One way to sanity-check (not complete, though!) our derivations is to consider \(1 \times 1\) matrices, that is, scalar case. In scalar case it all boils down to \(f(x) = (x+b) \log(a^2 / x) - x\) with derivative \(f'(x) = \log(a^2 / x) - \frac{x+b}{x}-1\), which coincides with the formula above for \(1 \times 1\) matrices.

### The Hessian

The same idea can be used to calculate the hessian of a function, that is, a coefficient describing function’s local quadratic behavior. We restrict ourselves with scalar-valued functions of finite-dimensional vectors, but it generalizes to other functions if you consider appropriate bilinear maps.

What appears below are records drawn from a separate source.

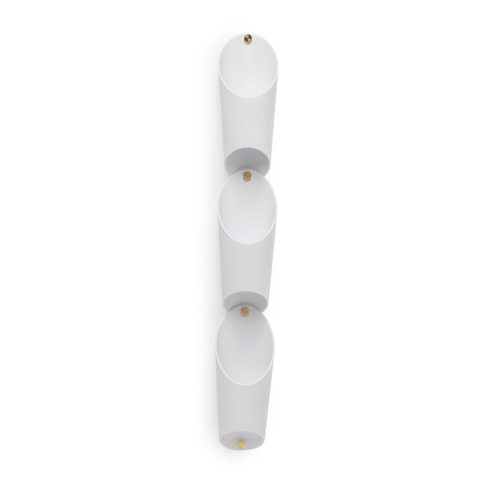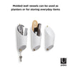 A set of three wall vessels that combine and link together. These can be used as a practical storage solution or as a decorative element.
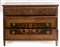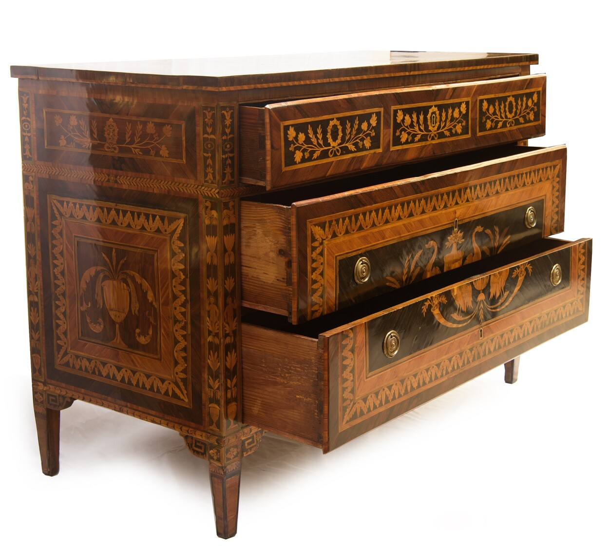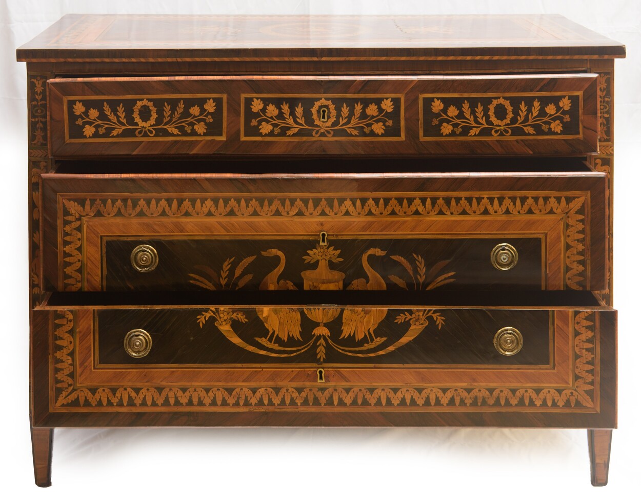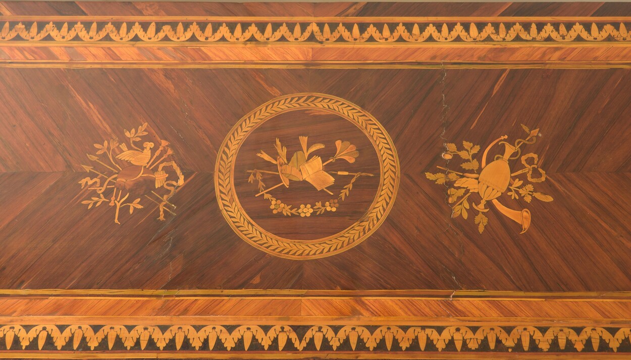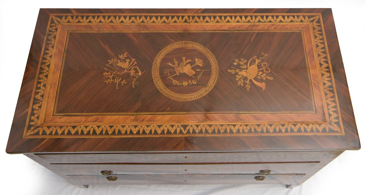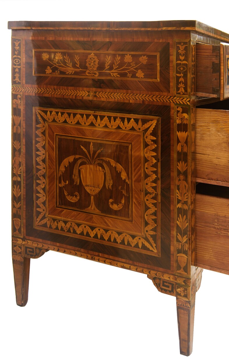 In legno di noce ed ebano rosa, legni vari di frutto e pastiglia. Riccamente intarsiati a motivi floreali e palmette, doppio cassetto senza traversa. Mezzo cassetto superiore. Piano a carattere. Manifattura genovese, Luigi XVI, fine del XVIII secolo.
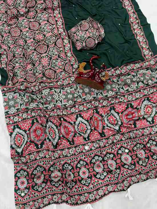 | Fabric Description | Saree fabric: Soft Cepe Silk | Work: Beautiful Ajarakh Print With Real Mirror Work And Beautiful Tassles | Blouse: Running |
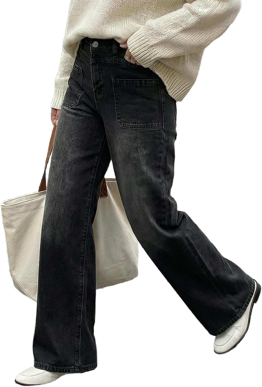 - Relaxed Fit: Wide-leg design a perfect length flatters all body types, elongates legs, and offers flexible and effortless movement.Front pocket details, high waisted with adjustable buttons and a horizontal seam at the waist, create a fashion-forward look.
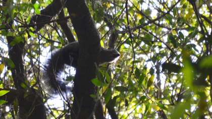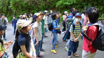 化粧坂に登る途中で、リスに遭遇。みんな夢中で見上げていました。
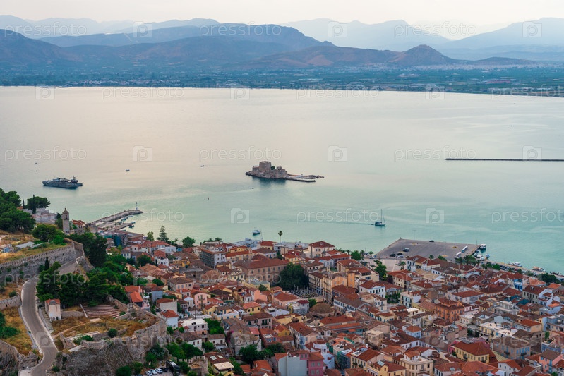 Панорамный вид на крепость Паламиди, пейзажи замка Бурдзи в городе Нафплион Греция, Пелопоннес
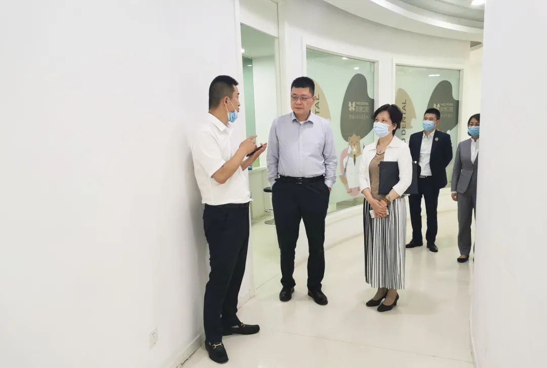 沈权一行首先参观了英博口腔位于金外滩广场的门诊部,了解企业复工后疫情防控情况及经营状况。据悉,英博口腔成立于2016年,目前在全国有5家分所,主营口腔种植、口腔正畸、牙齿美白、美学修复、牙周修复、儿童口腔,秉承“种植,让生活更美好”的品牌塑美理念,结合欧美高端齿科先进的诊疗设备以及先进的医疗管理体系,不断引领前沿技术,为爱牙人士提供高品质的个性化服务。诊所自今年3月恢复经营以来,经营状况良好,发展稳定。
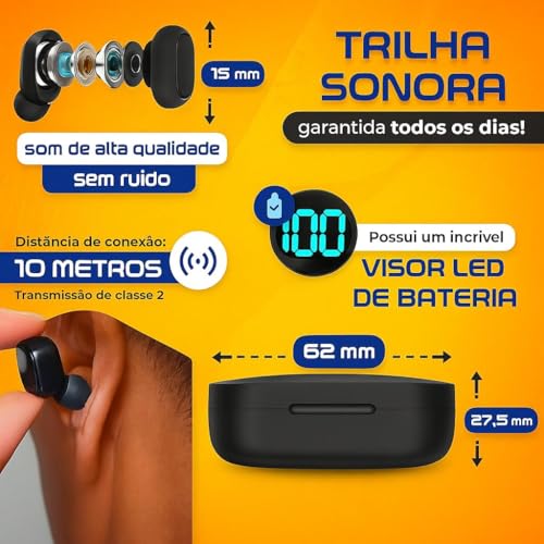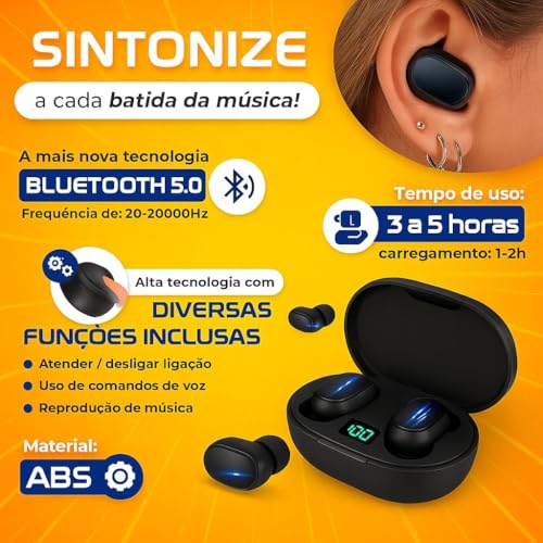 - 🔊 Bluetooth 5.1 TWS Wireless: Conexão rápida e estável com dispositivos Android e iOS.

We define the second order differential recursively \(d^2 f(x) = d(df(x))\) as a linearization of a linearization (and we need to go deeper!). One might note that linearization of a linear function does not make any difference, but we’re actually linearizing not the linear approximation, but the map \(x \mapsto df(x)\) itself. In a way, you can think of \(df(x)\) as a function of 2 arguments: the point \(x\) and an infinitesimal perturbation \(dx\). And we’re linearizing with respect to the first one. Since we have 2 independent linearizations, it’s incorrect to use the same perturbation to both of them, so we’ll introduce \(dx_1\) and \(dx_2\) as first and second order perturbations.

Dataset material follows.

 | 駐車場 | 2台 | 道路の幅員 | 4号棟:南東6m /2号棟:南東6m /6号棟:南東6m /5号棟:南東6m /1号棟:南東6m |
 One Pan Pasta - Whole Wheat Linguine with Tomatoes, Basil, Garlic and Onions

If \(df^2(x)\) at a given point \(x\) is a linearization of a linearization, it’s a function of 2 perturbations: \(dx_1\) and \(dx_2\). Moreover, it’s linear in both of them, so \(df^2(x)\) is actually a bilinear map. In case of a finite-dimensional vector space a bilinear map can be represented using a matrix \(H(x)\), that is \(d^2f(x) = dx_1^T H(x) dx_2\). The matrix \(H(x)\) is called the **hessian** and denoted \(\nabla^2 f(x)\).

Then one uses the same formal rules, expanding \(d^2 f(x) = d(df(x))\) by first computing \(df(x)\) w.r.t. \(dx_1\), and then differentiating the resultant expression w.r.t. \(dx_2\). Again, let’s consider an example \(f(x) = \text{det}(I + x x^T)\)

\[ df(x) = 2\text{det}(I + x x^T) x^T (I + x x^T)^{-1} dx_1 = 2 f(x) x^T (I + x x^T)^{-1} dx_1 \]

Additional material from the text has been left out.